Your answer must be the exact lines of the listing below that run from the line with "A favour magnet" to the line with "Cabo USB C3Tech", ends included, and no pictures.

----------

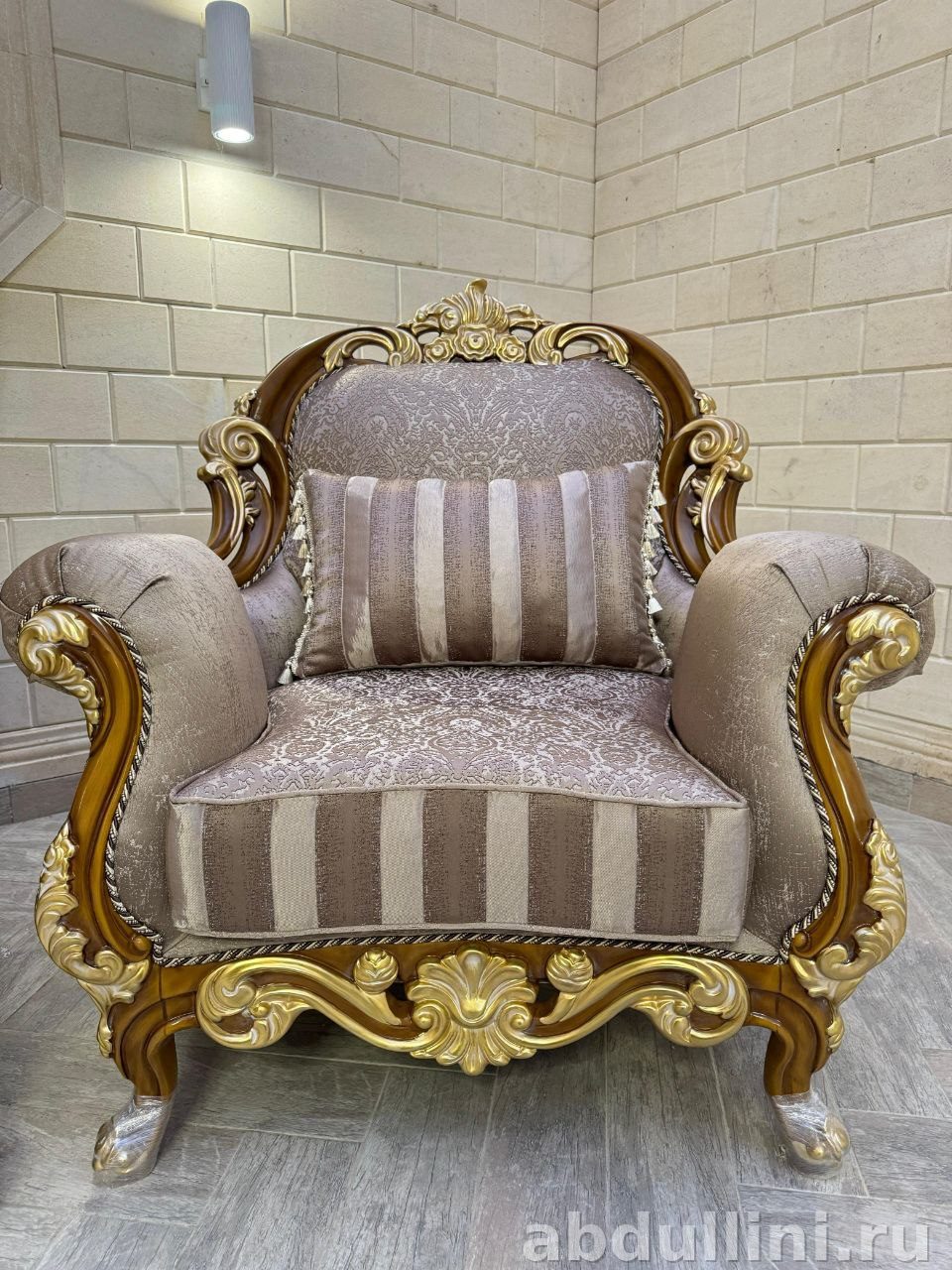 Комплект состоит из трехместного дивана и двух кресел. Основные цвета — приглушенный бежевый, какао с молоком и золотистый. Обивка ткани сочетает однотонные участки, полосы и жаккардовый узор с растительными мотивами. Деревянные элементы с резьбой и глянцевой золотистой отделкой добавляют изысканности.
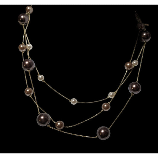 Elegant Triple Tone Graduated Glass Pearl Necklace
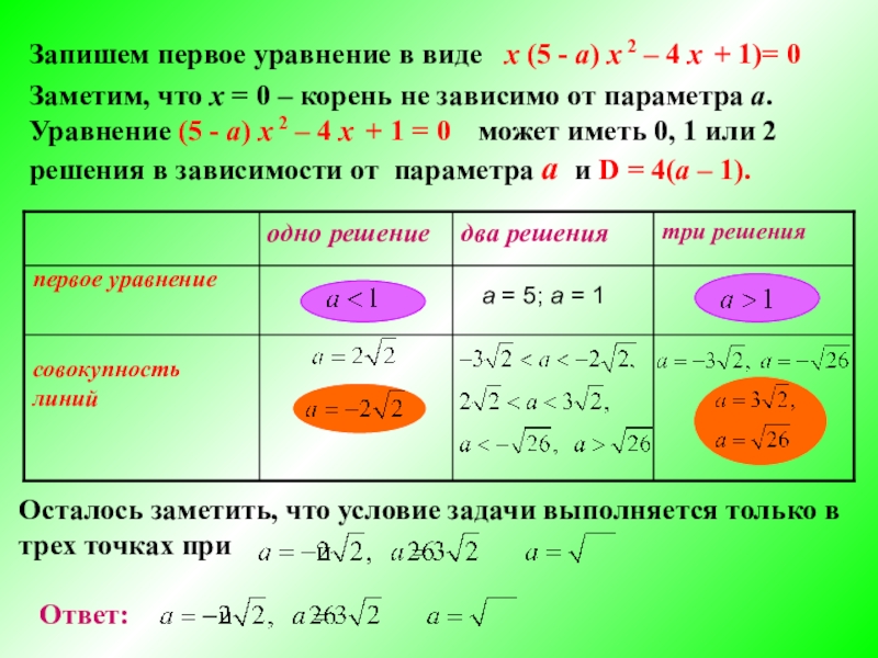 Заметим, что х = 0 – корень не зависимо от параметра а. Уравнение (5 - а) х 2 – 4 х + 1 = 0 может иметь 0, 1 или 2 решения в зависимости от параметра а и D = 4(a – 1).
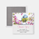 A favour magnet with an amazing photograph of the cutest little bird perched on a branch covered in pink blossoms and green leaves. The bird has a blue head and yellow body with a very sweet face. Adorable.
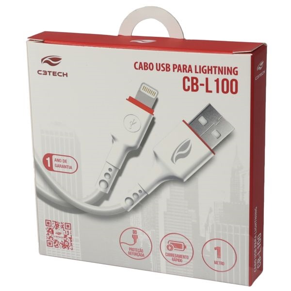 Cabo USB C3Tech Lightning CB-L100WH 1m Branco 1 UN
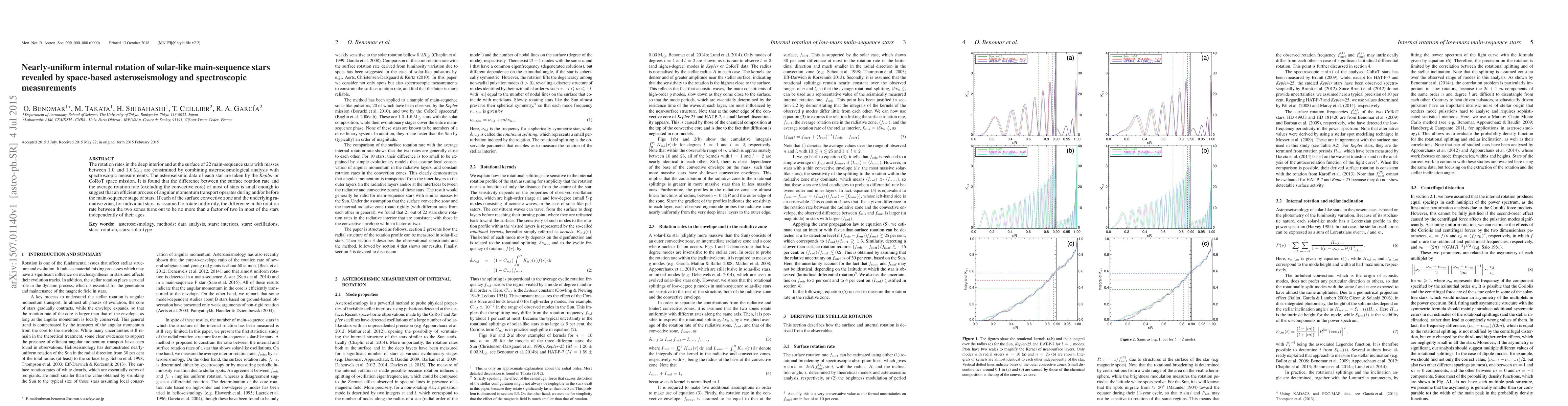 This study combines asteroseismology from the Kepler or CoRoT missions with spectroscopic measurements to determine the rotation rates of 22 solar-like main-sequence stars. The findings suggest nearly uniform internal rotation, indicating efficient angular momentum transport during and before the main-sequence stage.
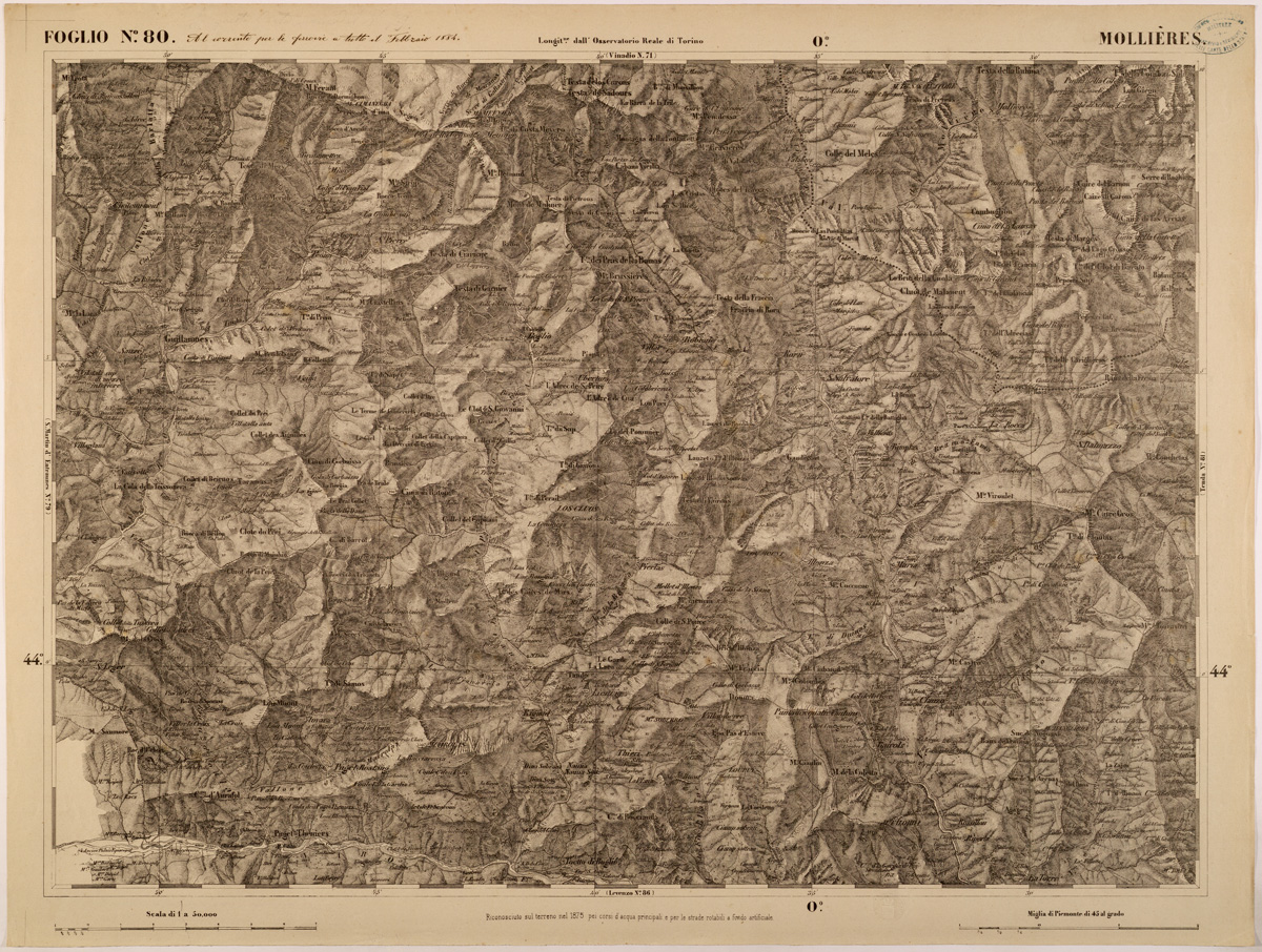 "FOGLIO 80 MOLLIERES - La proiezione adottata è quella di Flamsteed modificata o di Bonne. Il centro del circolo meridiano stabilito nell' Osservatorio Reale di Torino fu scelto per origine delle coordinate o centro di sviluppamento. Latitudine e longitudine est di questo punto dal meridiano di Parigi,determinate astronomicamente, risultarono: 45°04'08",06 e 5°21'24",75. Elementi che servirono ai calcoli della proiezione furono:semiasse maggiore e minore della terra lunghezza della normale nel punto d'origine raggio del circolo osculatore al meridiano nel punto d'origine schiacciamento terrestre quadrato dell'eccentricità. La superficie fu divisa in quattro regioni corrispontenti al nord-est, sud-est, sud-ovest, nord-ovest comprendendo in complesso 90 fogli. "
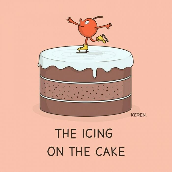 Nghĩa đen của "the icing on the cake" là lớp kem phủ trên mặt bánh. Thành ngữ này được dùng với ý nghĩa là một điều may mắn đến sau một chuyện tốt lành nào đó.
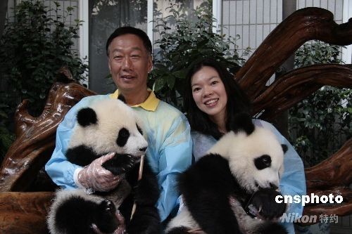 5月5日,台湾首富、台湾鸿海集团董事长郭台铭先生在成都大熊猫繁育研究基地参观时,决定出资600万元人民币,终身认养该基地3对大熊猫。这是成都大熊猫繁育研究基地自1987年建立以来收到的最高一笔大熊猫认养资金。中新社发 杨菲菲 摄
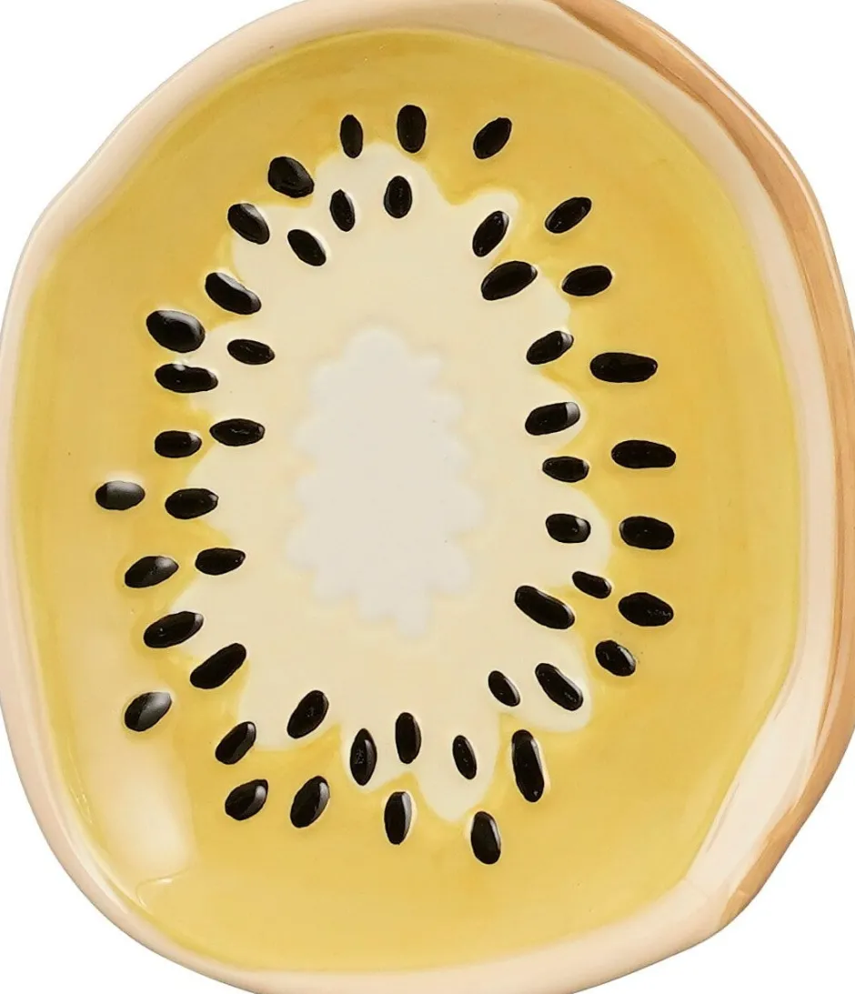 Bereichere deinen gedeckten Tisch mit dem Teller Exotica von Mica Decorations, einer exotischen Ergänzung deines Geschirrsets! Der Steingutteller hat die Form einer Kiwi und ist in einem frischen, hellen Grün gehalten. Er ist handgefertigt und sowohl für die Spülmaschine als auch für die Mikrowelle geeignet. Er lässt sich auch sehr gut mit anderem Exotica-Geschirr von Mica Decorations kombinieren! Die Maße dieses Tellers sind 15 x 12,5 x 2 cm.
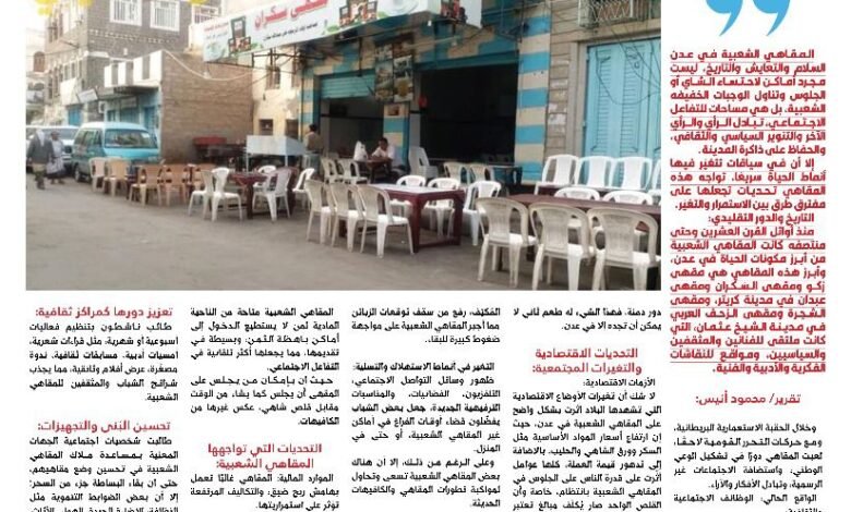 المقاهي الشعبية في عدن السلام والتعايش والتاريخ، ليست مجرد أماكن لاحتساء الشاي أو الجلوس وتناول الوجبات الخفيفه الشعبية، بل هي مساحات للتفاعل الاجتماعي، تبادل الرأي والرأي الآخر والتنوير السياسي والثقافي، والحفاظ على ذاكرة المدينة.

----------

▶ **PROBLEM SOLUTION**:
 A favour magnet with an amazing photograph of the cutest little bird perched on a branch covered in pink blossoms and green leaves. The bird has a blue head and yellow body with a very sweet face. Adorable.
 Cabo USB C3Tech Lightning CB-L100WH 1m Branco 1 UN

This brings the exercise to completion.